Les discours mêlant parentalité et neurosciences s’élèvent souvent contre les faits de violence physique et verbale. Ces revendications ont-elles pu aider à bannir les sévices corporels dans les familles ?

Pour Nina Bataille, il n’y a pas de réponse nette à cette question. « Je ne pense pas que des parents se lèvent le matin en se disant ‘Tiens, je vais maltraiter mon enfant‘ Ce qui limite la maltraitance ce sont les signalements faits par des institutions (professeurs, psychologues), ou bien une prise de conscience par soi-même. Mais les neurosciences contribuent à libérer la parole, et génèrent peut-être quelques prises de conscience. »

Quant à la fessée, qui a pu par le passé être brandie comme un principe éducatif, elle est interdite par la loi depuis 2016. « Je ne pense pas que les neurosciences aient contribué à cela, c’était déjà une limite à ne pas franchir pour beaucoup de monde. Mais elles expliquent les dégâts que ce geste peut créer sur le cerveau, cela confirme qu’on est dans le juste quand on ne fait pas ça. » explique la coach.

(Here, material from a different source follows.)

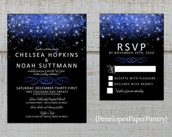 Elegant Silver Confetti On Royal Blue Invitation Blue Invitation Royal Blue Wedding Invites

Michel Vandenbroeck nuance ce propos. « Les neurosciences nous ont montré quels effets dévastateurs des cas de grave négligence peuvent avoir sur le cerveau. Mais on ne peut pas en déduire la même chose pour des petits moments de stress dans la vie de tous les jours, aucune étude sérieuse ne ferait ce lien, ce serait un amalgame. Le stress toxique nuit au développement du cerveau quand il est prolongé, de jour en jour, d’année en année, ce n’est pas le cas dans les petits moments où l’on perd patience et crie sur son enfant. »

Suivre les neurosciences, une condition nécessaire pour être un bon parent ?

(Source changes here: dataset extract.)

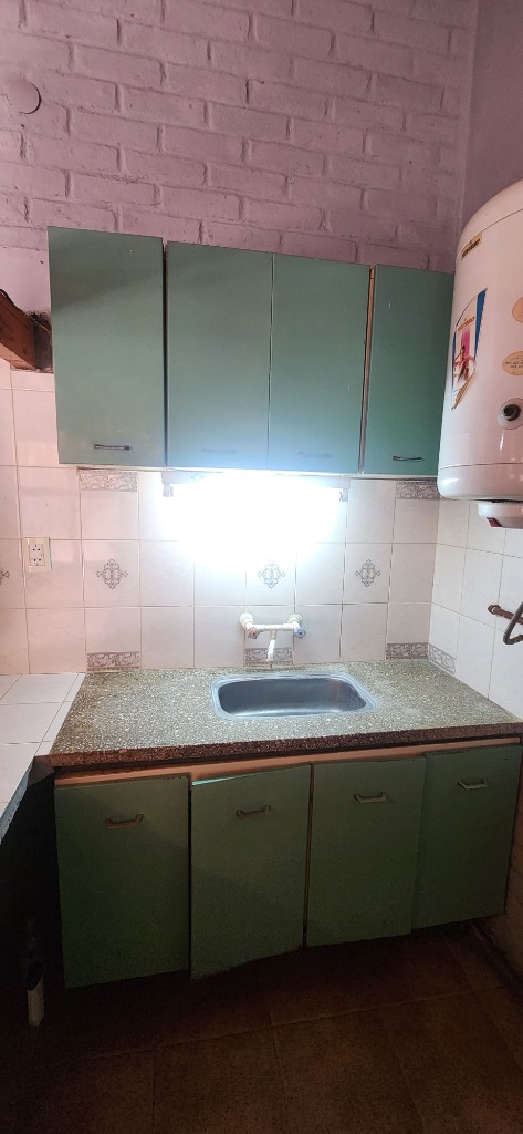B. Cocina con dos islas desayunador, alacena, Mesada Granito con bacha de cocina de acero inoxidable. Termotanque eléctrico

« Une affiche britannique vantait les bienfaits de faire des câlins aux enfants, car cela aide au bon développement de leurs synapses. Mais a-t-on vraiment besoin des neurosciences pour faire des câlins à nos enfants ? » remarque Michel Vandenbroeck. 

Pour le docteur en sciences de l’éducation, tous les parents essayent de faire au mieux, dans le contexte et les circonstances qui sont les leurs. Mais il reproche au discours scientifique de ne pas prendre en compte ces inégalités de contexte, en prodiguant des conseils généralistes aux parents, qui changent constamment.

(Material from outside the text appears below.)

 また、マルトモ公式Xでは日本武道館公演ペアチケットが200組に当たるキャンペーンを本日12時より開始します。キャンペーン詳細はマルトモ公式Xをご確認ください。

« ‘Bon‘ c’est un jugement. » rappelle de son côté Nina Bataille. « Il n’y a pas besoin de rajouter à la culpabilité déjà présente. On n’a pas forcément besoin des neurosciences pour éduquer ses enfants et en faire des adultes stables et épanouis. Mais puisqu’elles existent, il est intéressant de se renseigner. »

Pour éduquer au mieux ses enfants, doit-on alors absolument acheter des livres sur le sujet de la parentalité ? Michel Vandenbroeck alerte sur la pression que ces livres peuvent mettre sur la responsabilité individuelle des parents, en occultant la responsabilité des services publics, et en faisant croire aux parents qu’ils sont incompétents et ont besoin de l’éclairage d’experts. « Les conseils aux parents ont souvent comme effet de renforcer leur insécurité et leur sentiment de responsabilité. Même si ces livres sont faits avec les meilleures intentions, leur effet est contre-productif, cela renforce l’idée que tout repose sur vous. »

Pour la coach spécialisée en neurosciences, il est toujours intéressant d’acheter des livres, d’écouter des podcasts, de regarder des émissions ou de suivre des ateliers en parentalité, mais en choisissant un seul courant de pensée, pour ne pas avoir trop d’informations contradictoires. « Il faut s’en tenir à un ou deux livres, on n’est pas obligé d’en lire 10 ! J’aime bien renvoyer les gens aux fondamentaux, comme Thomas Gordon, Elaine Mazlish ou Terry Brazelton pour ne citer qu’eux. »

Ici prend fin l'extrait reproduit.